- [THE TASK]
Transcribe the listing that follows in full, omitting pictures.

- [RECORDED INFORMATION]
——

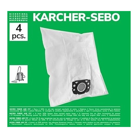 Pack de 4 Bolsas de Microfibra Compatibles con Aspiradoras Kärcher WD4, WD5, WD6, WD5P, WD6P Premium, MV4, MV5, MV6 (Reemplazo
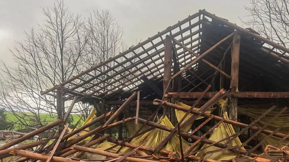 Uma vaca foi parar em cima do telhado de uma residência em Estrela, no Vale do Taquari, a 112 km de Porto Alegre. O caso aconteceu na quarta-feira (6), após a região ser afetada pela cheia do Rio Taquari, ocasionada pela passagem de um ciclone extratropical. De acordo com a prefeitura da cidade, o animal caiu após o telhado ceder, mas não se machucou.
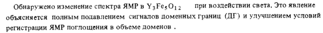 Обнаружено изменение спектра ЯМР в Y3Fe5012 при воздействии света, Это явление объясняется полным подавлением сигналов доменных границ (ДГ) и улучшением условий регистрации ЯМР поглощения в объеме доменов .

——

- [SOLUTION TO THE EXERCISE]
 Pack de 4 Bolsas de Microfibra Compatibles con Aspiradoras Kärcher WD4, WD5, WD6, WD5P, WD6P Premium, MV4, MV5, MV6 (Reemplazo
 Uma vaca foi parar em cima do telhado de uma residência em Estrela, no Vale do Taquari, a 112 km de Porto Alegre. O caso aconteceu na quarta-feira (6), após a região ser afetada pela cheia do Rio Taquari, ocasionada pela passagem de um ciclone extratropical. De acordo com a prefeitura da cidade, o animal caiu após o telhado ceder, mas não se machucou.
 Обнаружено изменение спектра ЯМР в Y3Fe5012 при воздействии света, Это явление объясняется полным подавлением сигналов доменных границ (ДГ) и улучшением условий регистрации ЯМР поглощения в объеме доменов .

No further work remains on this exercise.